What to work on: Copy every line of the data below exactly as given, except for the pictures.

Exercise data:
────────────────────────────────────────
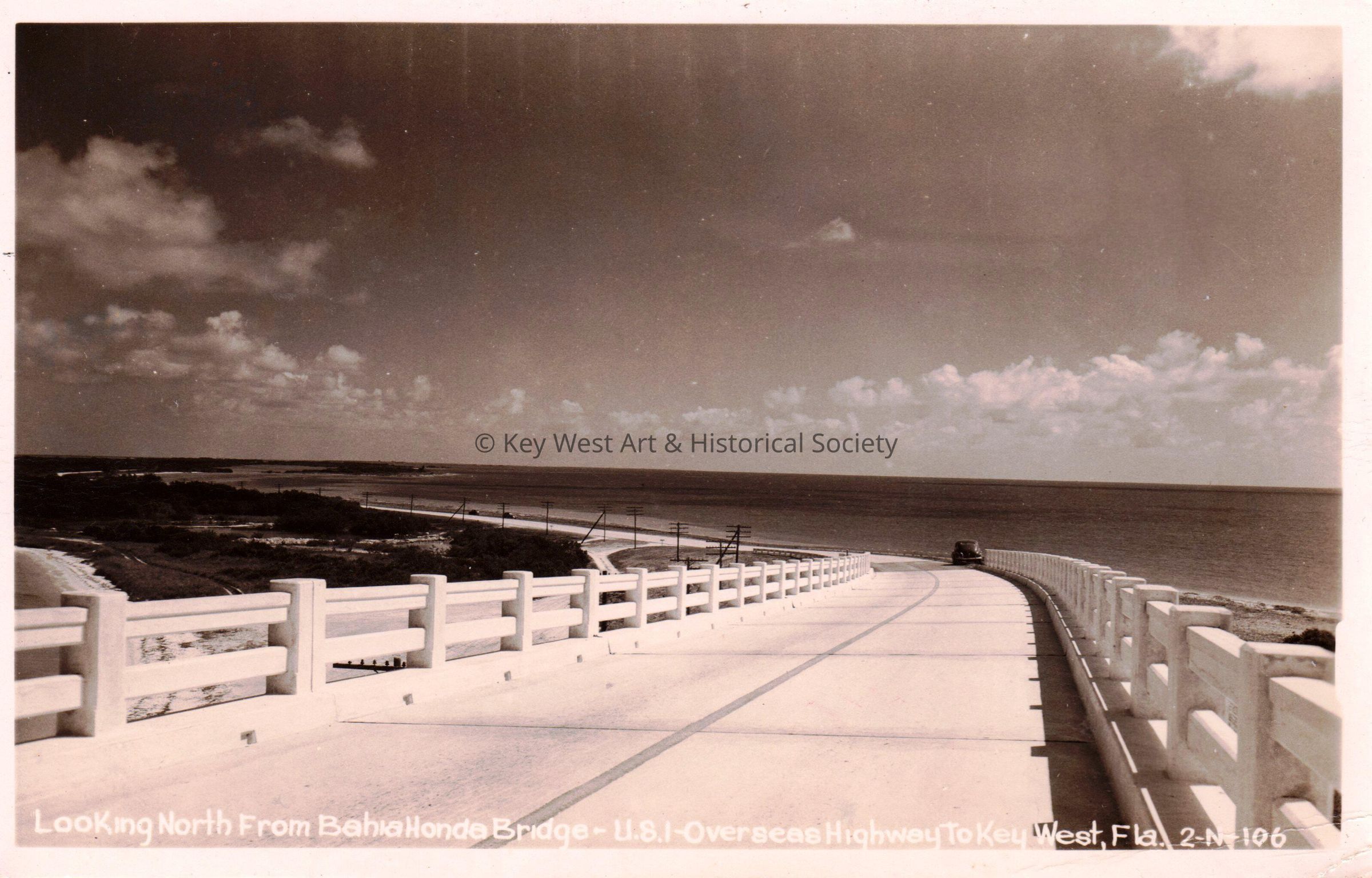 Postcard depicting a black and white photo from atop Bahia Honda Bridge. The caption reads, ‘Looking north from Bahia Honda Bridge - U.S. 1 - Overseas Highway to Key West, Florida’.Collection
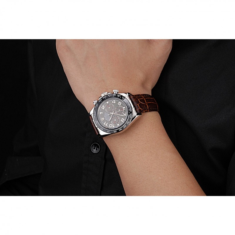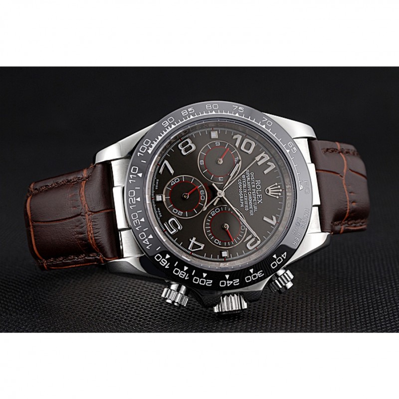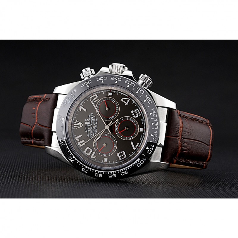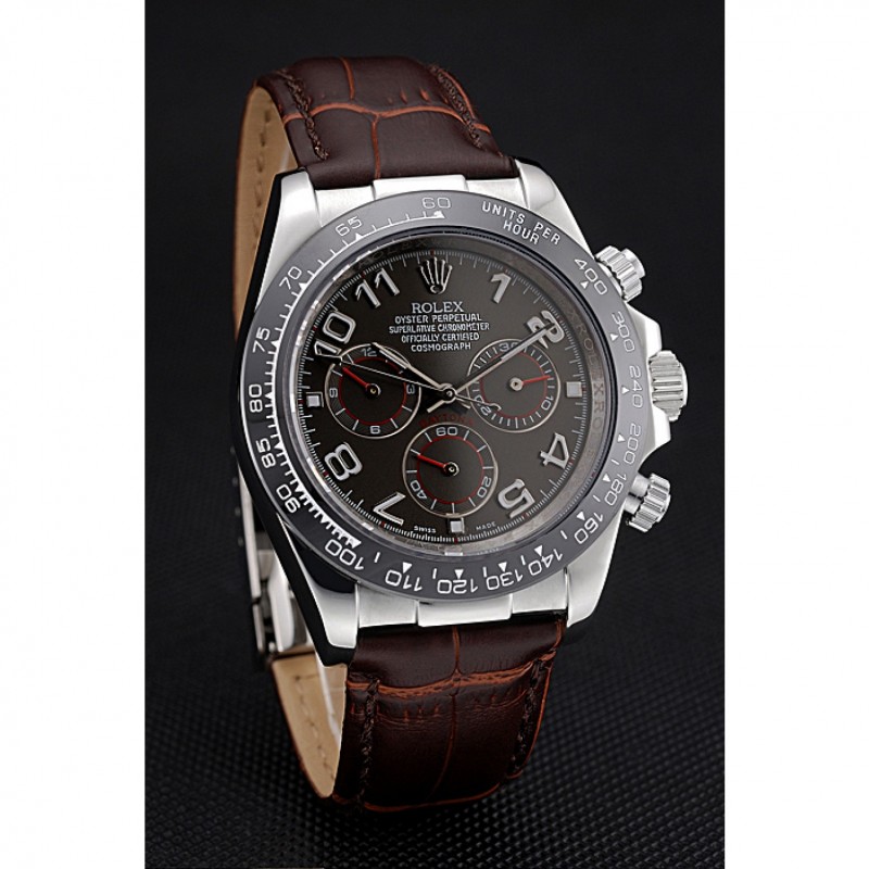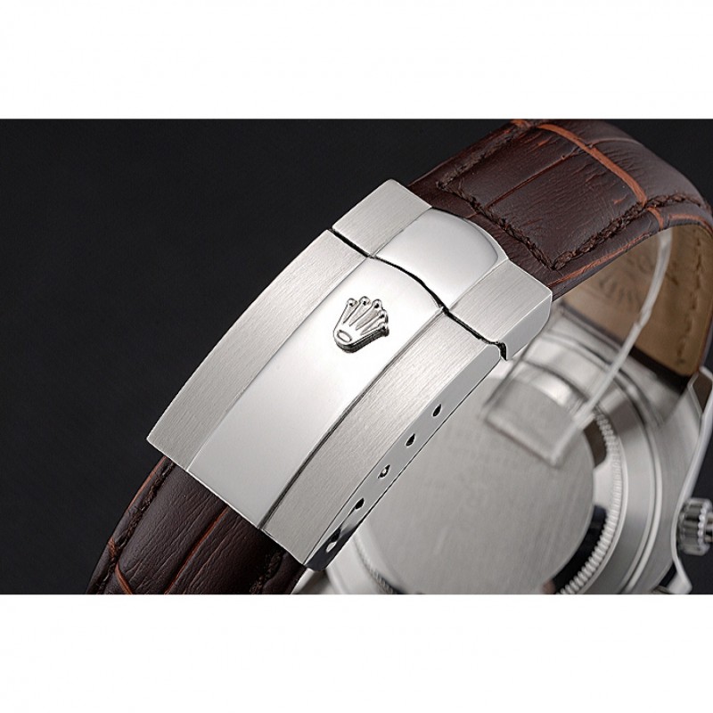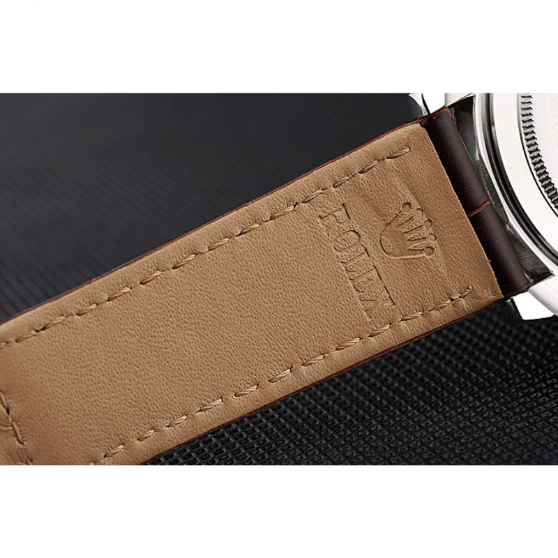 pulsera: logotipo y correa de cuero Rolex de calor en relieve de cocodrilo marrón con logo tallado acero inoxidable cepillado implementación de cierre
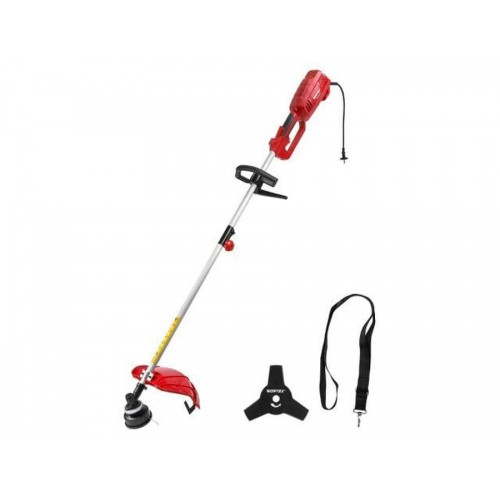 Электрический триммер предназначен для использования на приусадебных участках средней площади. Оснащен эргономичной прорезиненной рукояткой и удобным снятием блокировки пуска. Предусмотрена возможность эксплуатации как с леской, так и с трехлопастным ножом. Производительность кошения составит примерно 3 сотки в час. Пластиковые детали изготовлены из ударопрочного материала. Номинальная мощность, Вт: 1300; Параметры сети, В Гц: 23050; Тип электродвигателя: однофазный, коллекторный; Частота вращения на холостом ходу, мин-1: 8100; Тип косильной головки: полуавтоматическая; Толщина лески, мм: 2,0; Ширина рабочей зоны (леска), мм: 370; Ширина рабочей зоны (нож), мм: 255; Тип штанги: прямая, разборная; Плавный пуск: нет; Масса нетто, кг: 5,3; Комплект поставки: - наплечный ремень; - нож; - косильная головка (установлена); - паспорт; Гарантийный срок - 2 года;
────────────────────────────────────────
Written answer:
 Postcard depicting a black and white photo from atop Bahia Honda Bridge. The caption reads, ‘Looking north from Bahia Honda Bridge - U.S. 1 - Overseas Highway to Key West, Florida’.Collection
 pulsera: logotipo y correa de cuero Rolex de calor en relieve de cocodrilo marrón con logo tallado acero inoxidable cepillado implementación de cierre
 Электрический триммер предназначен для использования на приусадебных участках средней площади. Оснащен эргономичной прорезиненной рукояткой и удобным снятием блокировки пуска. Предусмотрена возможность эксплуатации как с леской, так и с трехлопастным ножом. Производительность кошения составит примерно 3 сотки в час. Пластиковые детали изготовлены из ударопрочного материала. Номинальная мощность, Вт: 1300; Параметры сети, В Гц: 23050; Тип электродвигателя: однофазный, коллекторный; Частота вращения на холостом ходу, мин-1: 8100; Тип косильной головки: полуавтоматическая; Толщина лески, мм: 2,0; Ширина рабочей зоны (леска), мм: 370; Ширина рабочей зоны (нож), мм: 255; Тип штанги: прямая, разборная; Плавный пуск: нет; Масса нетто, кг: 5,3; Комплект поставки: - наплечный ремень; - нож; - косильная головка (установлена); - паспорт; Гарантийный срок - 2 года;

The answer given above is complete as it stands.